Help Disabled Members Participate at Special Meetings
If a hearing-impaired member in your community asks for a sign language interpreter to be present at a special meeting or at an annual meeting as a reasonable accommodation, be sure to provide one. Without a sign language interpreter, the disabled member may not be able to participate in any meaningful way at the meeting. As a result, your refusal to provide an interpreter could lead a hearing-impaired member to claim that you discriminated against him based on his disability.
Under the federal Fair Housing Act (FHA), an association must reasonably accommodate disabled members. This may mean adjusting rules, procedures, or services, to give disabled members an equal opportunity to use and enjoy a home or common space. Therefore, when a disabled member asks you to provide a sign language interpreter at association meetings, treat it as a request for a reasonable accommodation and bear in mind the following:
Association pays.

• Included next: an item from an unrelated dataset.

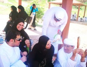 Among the group is Khalfan Bin Daher, who was demonstrating his knowledge of guessing people’s age and skin colour by feeling their hands. In a few minutes he was able to correctly guess the age of the person next to him. “I don’t know how people look like, but through the sense of touch I can find out about the person’s age and skin colour,” said the 18-year-old.

Under the FHA, reasonable accommodations—such as sign language interpreters—are made at the expense of the association.
No undue financial or administrative burden. Once a disabled member asks for an accommodation, you must comply with the request unless doing so would be an undue financial or administrative burden. With this in mind, it may be prudent to set up a policy requiring the hearing-impaired member to provide advance notice to the association that he will be in attendance at a special meeting or an annual meeting.